I got the generator running this morning and probably spent 15 min slowly spraying carb cleaner into the engine, a few squirts here and there. lo and behold the engine can now take resistive loads up to about 1800 watts (max i have right now). However, with the eco mode on, it still surges and cant handle even 700 watts... 

So maybe we are getting somewhere, i let it sit loaded at 1490 watts for a hour or so today in non-eco mode, it seemed happy. 

Initial conclusion:
Maybe the carb was gummed up with some new manufacture grease... carb cleaner got rid of it. I also assume that the eco mode is just junk and only good if you are running very light loads. Thats fine for me, in the winter we lose power a good bit. The generators main job then is to run the blower on the insert, occasionally powering the refrigerator and chest freezer.  

Thanks Pen for assuming i have a dB meter  I have thought about getting an oscilloscope just to see what the waveform looks like, but thats $120 i REALLY dont need to spend


----------



## begreen (Oct 21, 2011)

Both of these units are too noisy for my tastes. I have a contractor generator that is in this range and I'm looking to replace it with either a Honda or Yamaha 2K inverter model.


----------



## maverick06 (Oct 21, 2011)

again, the db levels are not easily compared. My numbers are only valid for another generator in my backyard, at my distance. The honda db ratings I dont believe have a specified distance nor environment. Regardless I am sure it is quieter. 
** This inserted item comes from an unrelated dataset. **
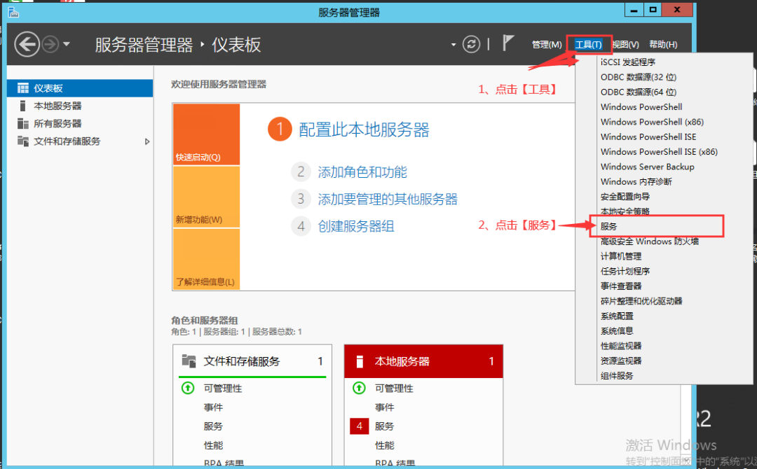 首先要把 SQL Server 的服务都关掉,通过 Windows Server最下面搜索框搜索 【服务器管理器】 并打开,点击【工具】——>【服务】(或者同时按住 Win + R 键,在弹出的运行框里面输入【services.msc】命令也可以进入到【服务】)
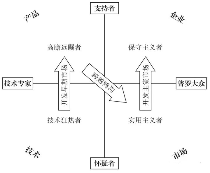 跨越鸿沟后的企业会被它在跨越鸿沟之前所做出的承诺缚住手脚。这些承诺是企业为了在早期市场站稳脚跟而匆忙做出的,在跨越鸿沟之后的新形势下根本无法履行。也就是说,企业在跨越鸿沟之前所承诺的业绩指标或报酬水平,如果真的全部兑现,那结果只有一个:毁掉企业。高科技企业要摆脱鸿沟,恰恰就应该做到“停止做自己”——必须认识到自己正在经历一个阶段,而且还要主动出击,有所作为。例如企业组织的变化,就需要从从开拓者文化到定居者文化。所谓开拓者文化,就是群体是一群突破技术应用边界的人。他们不因循守旧,也不喜欢建利基础设施的工作。他们的聪明才智推动了早期市场的发展。而定居者文化,则与之相反。定居者在公司站稳脚跟,对于主流市场来说是一个好兆头,因为主流市场的实用主义客户非常厌恶惊喜,他们喜欢安分可靠、四平八稳的定居者,不喜欢天马行空的开拓者。此外,研发决策也需要从产品到整体产品转变。整体产品应该如何研发,不是由实验室决定的,市场才是整体产品研发的主导力量。所以,整体产品研发应该从创造性的市场细分开始,而不是创新性的技术。

That being said, my neighbor has a contractor generator and we were both running our machines during the hurricane. You couldnt hear mine at the end of my driveway, you could hear his a block away (not running at the same time). Not sure the model nor the wattage of his though.  Both the generac and honeywell are way quieter than the snowblower/chainsaw/lawnmower/weedwacker/tiller/air compressor that I have.... by a lot.


----------



## begreen (Oct 21, 2011)

Honda takes their measurement at 3 meters from the control panel side of the unit. For the eu2000is it measures 53 (econ) or 59db. The eu3000is gets it down to 49db in econ mode. But good to know that the Generac is pretty quiet.


----------



## maverick06 (Oct 21, 2011)

Interesting, I will have to try 3m. Technically those measurements are suppose to be taken in an anechoic chamber.  But I dont have an anechoic chamber... so that means the best I can do is my backyard... but the noise will reflect off the trees and the house, so it wont be perfect... Will try to light it up a bit later today and get 3m readings.


----------



## maverick06 (Oct 21, 2011)

Took readings in my backyard. All readings taken at 3m in dBA

High mode: 
Front - 67
Left - 71
Right - 72
Back - 72

eco mode
front - 65
left - 67
right - 68
back - 69

On high mode, it is taking resistance loads pretty well. still surges back and forth a few times when taking the load. Unloaded it still hunts all over the place. In eco mode I wouldnt want it to try to work with anything more than somewhere around 700 watts. If i was only running the blower on my insert or other equally light loads, i would leave it in eco, anything else, refrigerator, freezer, sump pump, etc, I would only run it in high mode. Thats fine, i didnt get the inverter generator for fuel consumption but for quality of the power it outputs. 

It does start up on the first pull, really fast and easy to start. 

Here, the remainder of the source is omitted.